L'intégrase de VIH-1 : Etude structure-fonction, recherche de partenaires cellulaires

par Vincent Parissi

Thèse de doctorat en Sciences biologiques et médicales. Biologie-Santé

Sous la direction de Simon Litvak.

Soutenue en 2001

à Bordeaux 2 .


  • Résumé

    L'intégrase (IN) de VIH-1 catalyse une étape cruciale du cycle infectieux du virus de l'immunodéficience humaine de type 1 (VIH-1) responsable du SIDA. Cette étape d'intégration de l'ADN viral dans le génome cellulaire constitue une cible très attractive non encore exploitée par les thérapies actuelles. L'IN mais aussi ses interactions avec les protéines virales et cellulaires au sein du complexe de préintégration (PIC) peuvent être sujettes à inhibitions par des molécules thérapeutiques. Afin de faciliter la mise au point de tels composants nous avons recherché de nouvelles cibles potentielles au sein de l'IN et de ses cofacteurs cellulaires. Pour cela un système cellulaire mettant en jeu la cellule de levure où l'activité de l'IN est visualisée par un effet létal a été employé comme outil et modèle d'étude de l'IN. Nous avons caractérisé, par ce système, une activité endonucléolytique non séquence spécifique de l'enzyme et proposons une nouvelle propriété de l'enzyme interférant avec la recombinaison homologue. Puis, nous avons entrepris une étude structure-fonction de l'enzyme en utilisant le système levure comme crible de sélection de mutants de l'IN générés aléatoirement. Trois révertants de IN inactivée D116A ont ainsi pu être isolés et des résidus acides aminés impliqués dans les mécanismes de multimérisation et de liaison à l'ADN, indispensables à l'activité de l'IN, ont été identifiés.
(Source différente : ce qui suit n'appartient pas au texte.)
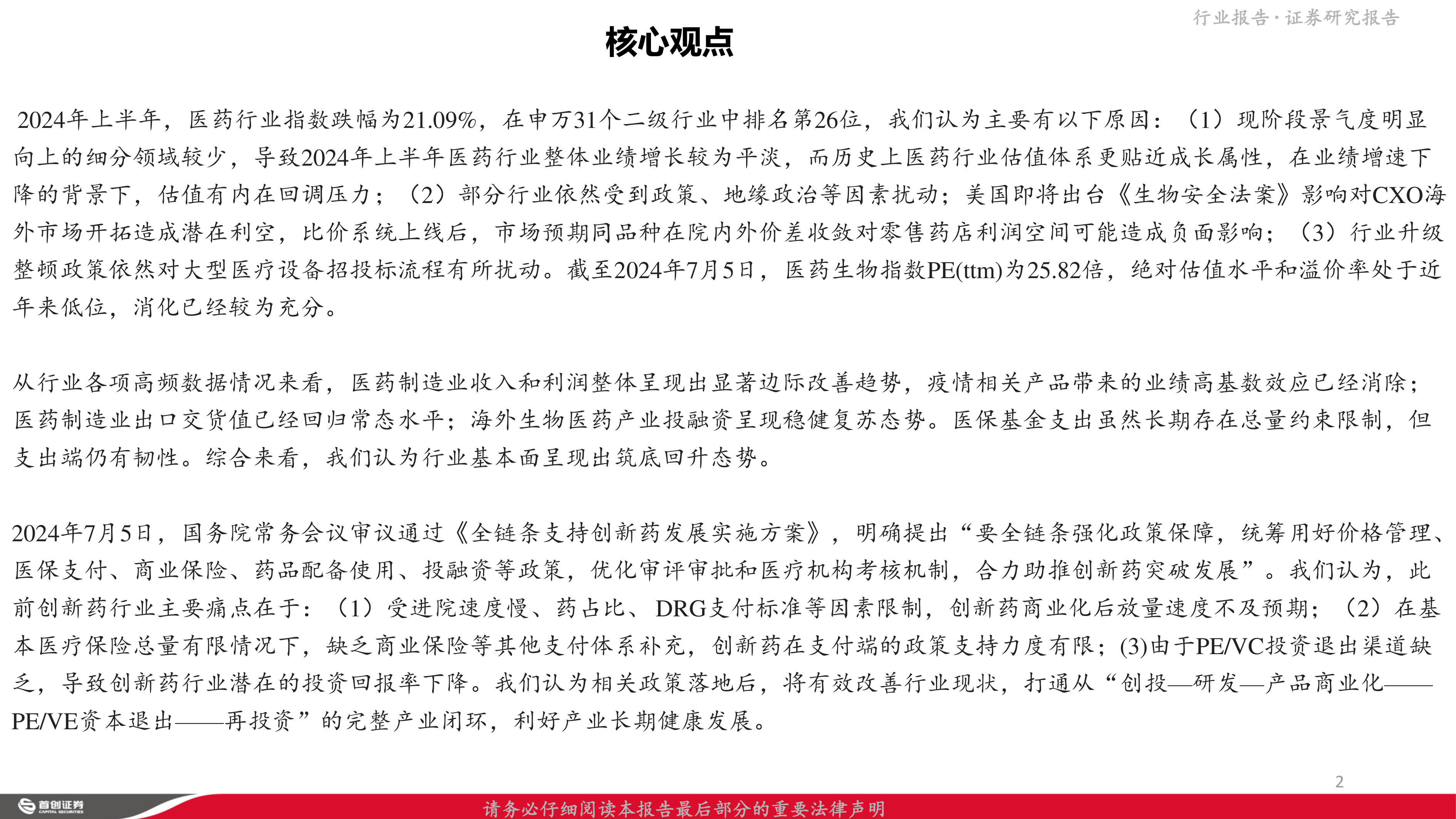 2024年上半年,医药行业整体表现低迷,但其下跌主要源于短期因素,而非长期基本面问题。行业估值已消化充分,部分细分领域和个股具备投资价值。

Enfin, le système levure a été employé pour la recherdche de partenaires protéiques cellulaires de l'IN. Nous avons ainsi pu confirmer la fonctionnalité de l'interaction entre l'IN et Ini1 démontrée auparavant et identifier quatre nouvelles protéines interagissant avec l'IN. Nous avons focalisé notre étude sur l'interaction entre l'IN et la chaperonine moléculaire HSP60. La caractérisation de l'interaction entre l'IN et la chaperonine humaine hHSP60 confirme son rôle dans le cycle infectieux et sa possible utilisation comme cible thérapeutique.

  • Titre traduit

    HIV-1 Integrase : structure-function study and search for cellular partners


  • Résumé

    HIV-1 integrase (IN) catalyzes a crucial step of the Human Immunodeficiency Virus type 1 (HIV-1) infectious cycle. The viral DNA integration in the cellular genome constitute a very attractive therapeutic target which is not yet used for actual therapy. The retroviral IN and its interactions with other viral and cellular proteins in the preintegration complex (PIC) could be submitted to inhibition by therapeutic molecules. In order to better define these components, we have searched new potential targets inside IN and its cellular cofactors. For this purpose a cellular system, involving the yeast cell where IN activity can be monitored by a lethality, was used as a tool and a model for the IN study. Using this system we have characterized0 and non sequence specific endonucleolytic activity of the enzyme and proposed a new IN propriety linked to the cellular recomlbinaison mechanism. Then we studied the IN structure-function relation using the yeast system to select IN randomly generated mutants. Three revertants of the inactivated D116A IN were isolated and amino acid residues, involved in the multimerization and DNA binding crucial processes, were identified. Finally the yeast system was used to search cellular partners of IN. The functionality of the previously described interaction between IN and Inil, was confirmed and four new potential cofactors were identified. We focalized our work on the study of the interaction between the retroviral enzyme and the human chaperonin HSP60. The characterization of this interaction confirmed its role in the viral infectious cycle and the its potential using as a therapeutic target.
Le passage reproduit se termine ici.